For the same reason that when we were teenagers we couldn’t stand being the only person not invited to a birthday party, and now we wouldn’t feel right if someone excluded us from a similar event, social networks can contribute to bad feelings with others. What are we talking about? From that feeling that runs through our body when we see a photo, a comment or a ‘like’ from a friend -real or 2.0- to any other friend on a social network, leaving us out of a meeting for example.
What have you been where? What about me? And why these two have been and have not warned me? Since when are these people friends and why do they have such a good time? Why didn’t I find out that there was this premiere? When have you opened this store? And other even worse questions come when there is a lack of WIFI connection, a problem with the mobile or with the applications themselves… what if I miss something on Instagram? This anxiety has a name.
FOMO, or the fear of missing out on social media
Fear of Missing Out is the name given to this increasingly widespread pathology these days. It literally means ‘fear of missing out’, of not being in the hot moment. This happens because the overexposure of photos on social networks sometimes makes us feel that the lives of others are much more wonderful than ours. That people are more beautiful -oh those filters…-, happier and that they love each other more, feel more and go to wonderful places while you see them from your bed in your Instagram search engine.

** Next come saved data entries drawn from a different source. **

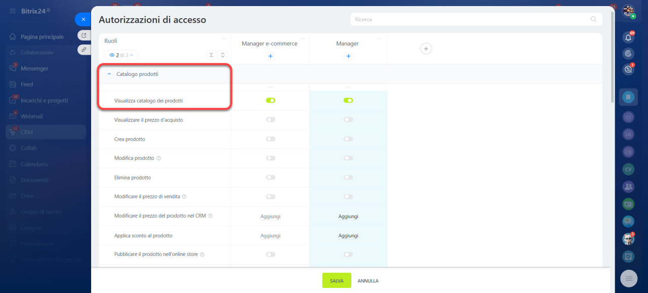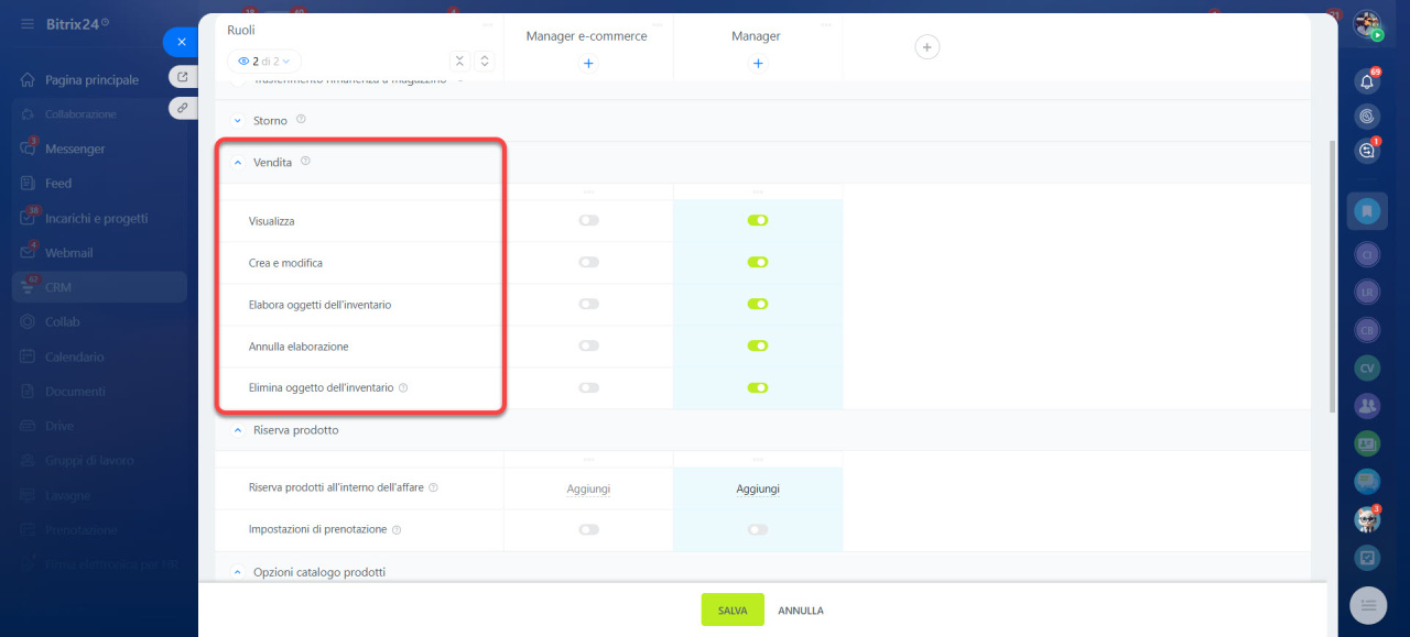 Vai nella sezione CRM > Impostazioni > Autorizzazioni di accesso all'inventario.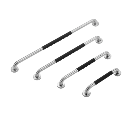 Stevige RVS wandbeugel met luxe uitstraling en zachte siliconen handgreep. Biedt extra steun en een comfortabele, veilige grip in de badkamer.
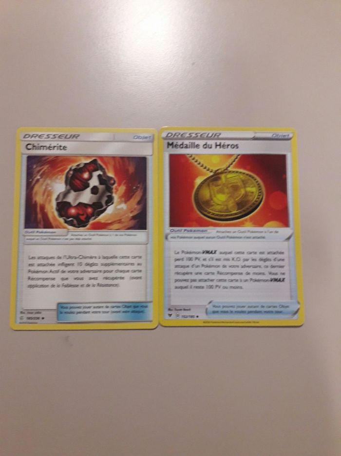Chimérite + Médaille du Héros lot de 2 cartes Pokémon neuves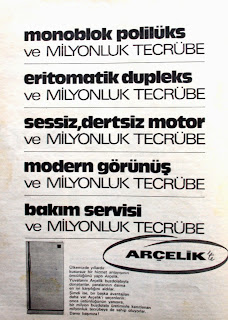 Monoblok polilüks ve milyonluk tecrübe Eritomatik dupleks ve milyonluk tecrübe Sessiz, dertsiz motor ve milyonluk tecrübe Modern görünüş ve milyonluk tecrübe Bakım servisi ve milyonluk tecrübe ARÇELİK'te Ülkemizde yıllardır kusursuz bir hizmet anlayışının öncülüğünü yaptı Arçelik. Yuvalarını Arçelik buzdolabıyla donatanlar, paralarının daima en iyi karşılığını aldılar. Şimdi ise, bir başka avantajları daha var Arçelik'i seçenlerin : Onca üstünlüğünün yanı sıra bir milyon buzdolabı üretimiyle kanıtlanan milyonluk tecrübeye de sahip oluyorlar. Darısı başınıza ! (1975) |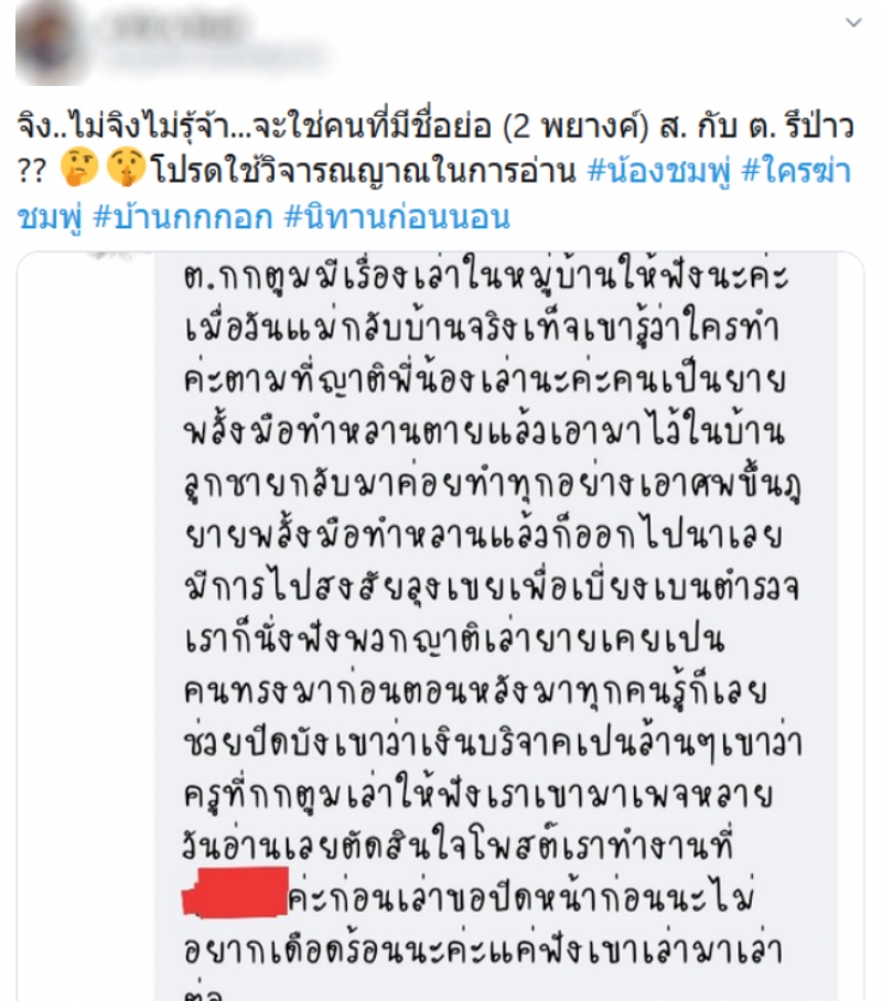 กลายเป็นประเด็นขึ้นมาอีกจนได้สำหรับเรื่องราวที่แชร์กันว่อนโซเชี่ยล ว่าคนร้ายที่ทำน้องชมพู่ที่แท้จริงเป็นคนนี้ คนที่หลายๆคนอาจจะคาดไม่ถึง แต่ทั้งนี้เป็นเพียงเรื่องราวที่แชร์กันในโลกโซเชี่ยลเท่านั้น ไม่ได้หมายความว่าจะเป็นเรื่องจริงแต่อย่างใด

In an era where it is easier than ever to mask a problem, -after all, social networks only shout to the sky the happiness we feel when we see a sunset or drink a coffee with milk, but never how tired we are, for example-, it is likely that anxiety makes its appearance when seeing others in photo or video format, which we will never have. If we already explained to you that being envious of others for their posts on social networks is not only worthless, but also makes you unhappier, then you will understand why there are people who suffer from FOMO by not getting the acceptance they are looking for in the world. 2.0.

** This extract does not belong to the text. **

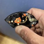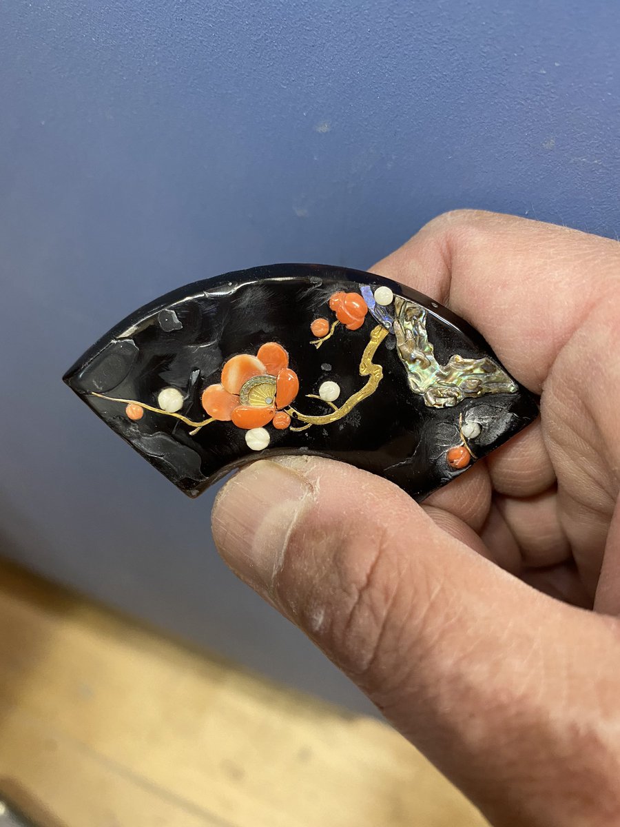 20 138 虫喰い状態の鼈甲帯留を入手。鼈甲屋さんのブログを見ていると「そのまま放置すると、どんどんバクテリアに侵食されるので樹脂でコーティングした方が良い」と書いてあり仕事の合間に虫喰い箇所に樹脂を塗り磨いてます。何回か塗ってフラットにして綺麗にしていく予定。修理の練習も兼ねてます 22/04/06 12:45
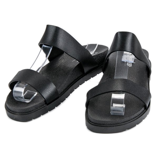Černé žabky dokonale zapadají do minimalistického trendu, takže se skvěle hodí k různým stylům. Bez vzoru a bez špičky, jejich elegantní vzhled dodává lehkost každému kroku. Díky voděodolnému provedení je využijete jak na pláži, tak při letní procházce kolem bazénu.

That constant anguish of missing something – finding the love of your life to upload 700 romantic selfies with, going to amazing places to take amazing photos, smiling until you drop with your friends… – can symbolize a real problem. Friends have always been able to make plans with other people without this leading to misunderstandings. But, what happens when you suddenly feel empty when you see it captured in a photograph with dozens of “likes”? That FOMO appears, that feeling of being left out, that others are better and happier than you.
Never forget that if people lie on a daily basis, they also tell lies on social networks. For this reason, this fear of missing out on something, of not being the center or of lack of acceptance can happen on a screen, but if we turn off the smartphone and learn -or rather, relearn- to relate to each other in real life, this problem may be distressing to evaporate because in the networks, as in Big Brother, everything is magnified.